(EXERCISE DATA):
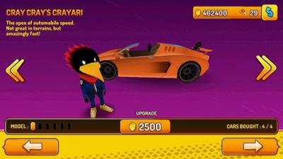 1,精美的卡通游戏画风,超级可爱的动物人物形象,可选择多辆汽车,免费升级改装,大量道具可使用,丰富的关卡可体验。
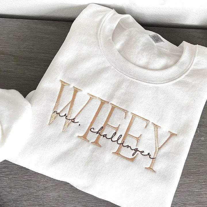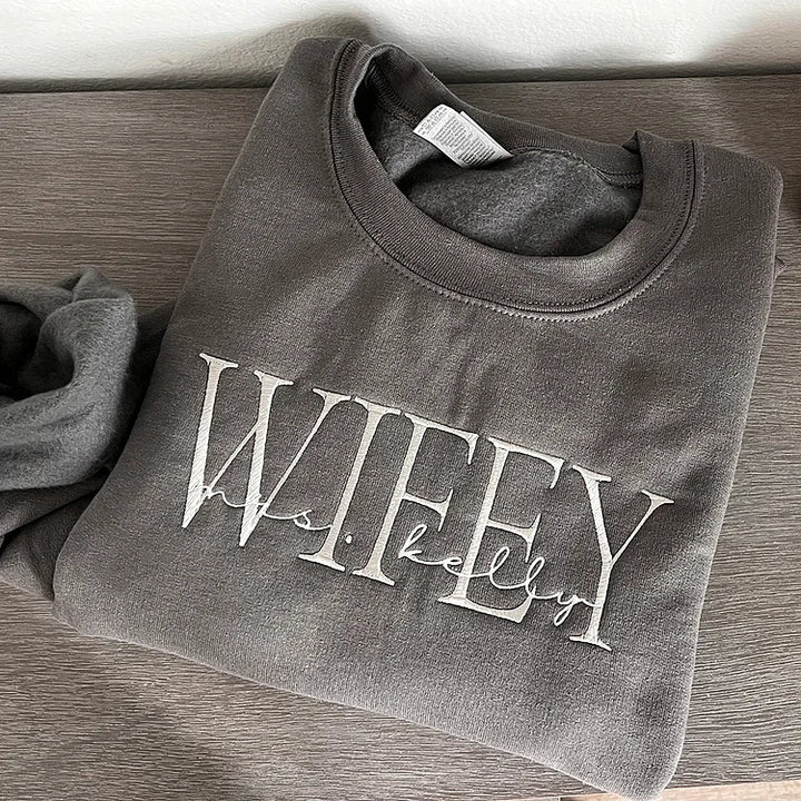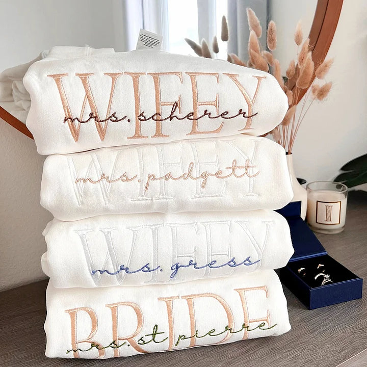 Not only is it a thoughtful gift for newlyweds and brides-to-be, but it also serves as a beautiful memento of your love story. Whether it’s for an anniversary, wedding shower, or just because, this embroidered sweatshirt is a wonderful way to celebrate the wifey in your life.
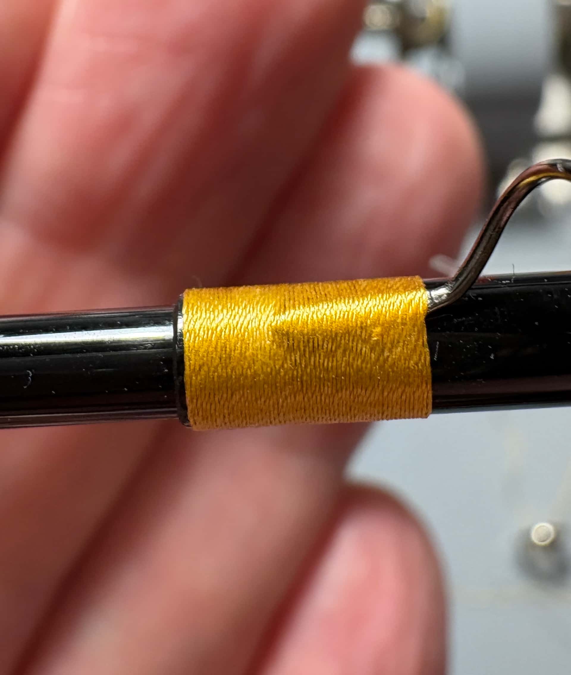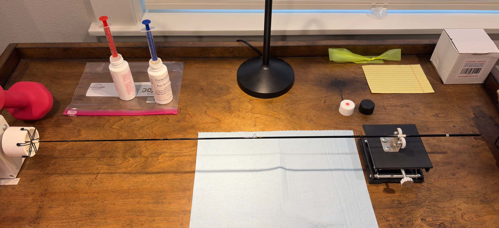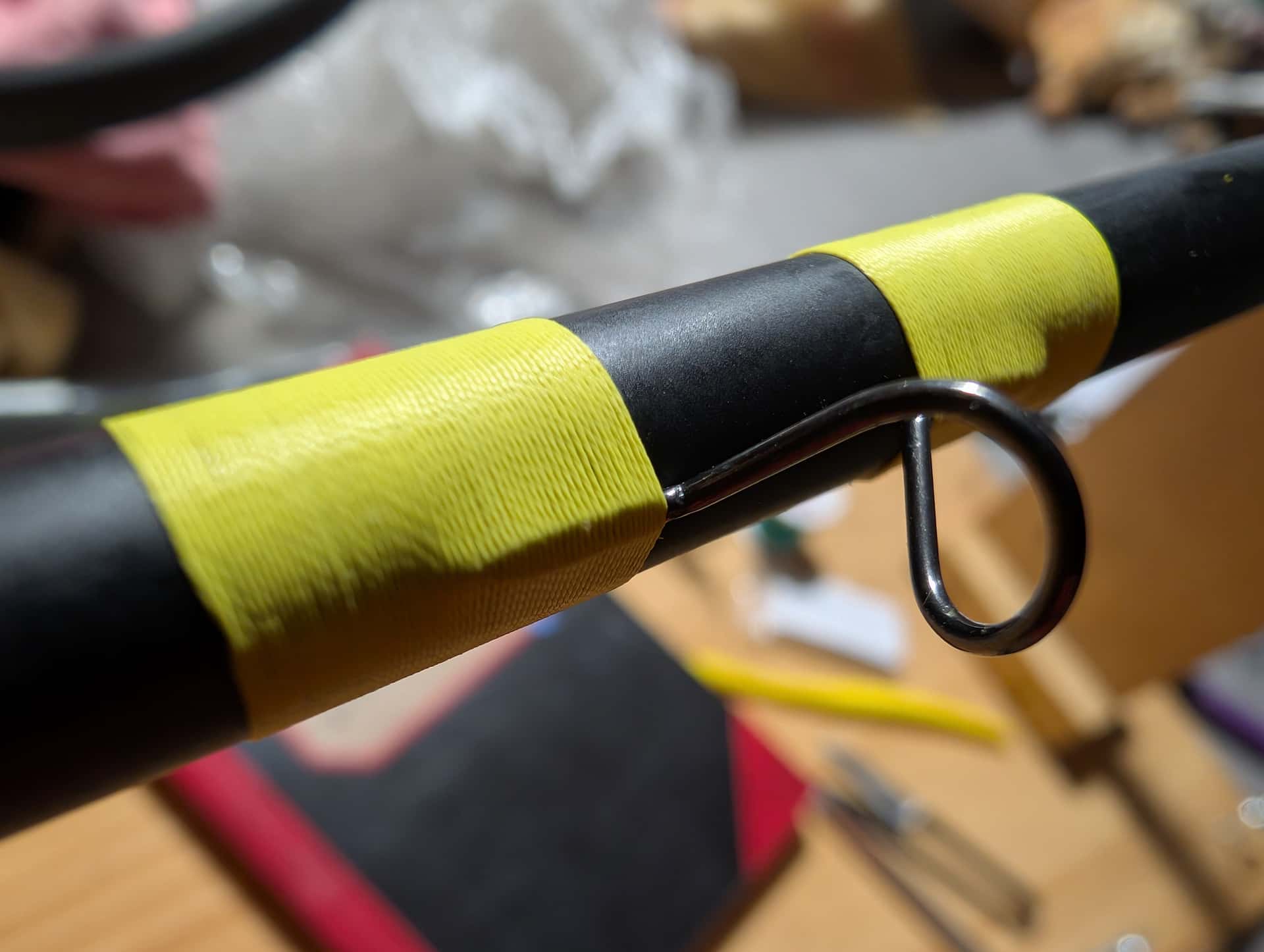 Je l’ai découpé à la dimension souhaitée, puis je l’ai collée sur le porte moulinet. Ensuite, une couche de vernis uv, puis plusieurs couches de vernis classique.

(EXERCISE): Every line above should be printed again word for word, without its pictures.

(YOUR RESPONSE):
 1,精美的卡通游戏画风,超级可爱的动物人物形象,可选择多辆汽车,免费升级改装,大量道具可使用,丰富的关卡可体验。
 Not only is it a thoughtful gift for newlyweds and brides-to-be, but it also serves as a beautiful memento of your love story. Whether it’s for an anniversary, wedding shower, or just because, this embroidered sweatshirt is a wonderful way to celebrate the wifey in your life.
 Je l’ai découpé à la dimension souhaitée, puis je l’ai collée sur le porte moulinet. Ensuite, une couche de vernis uv, puis plusieurs couches de vernis classique.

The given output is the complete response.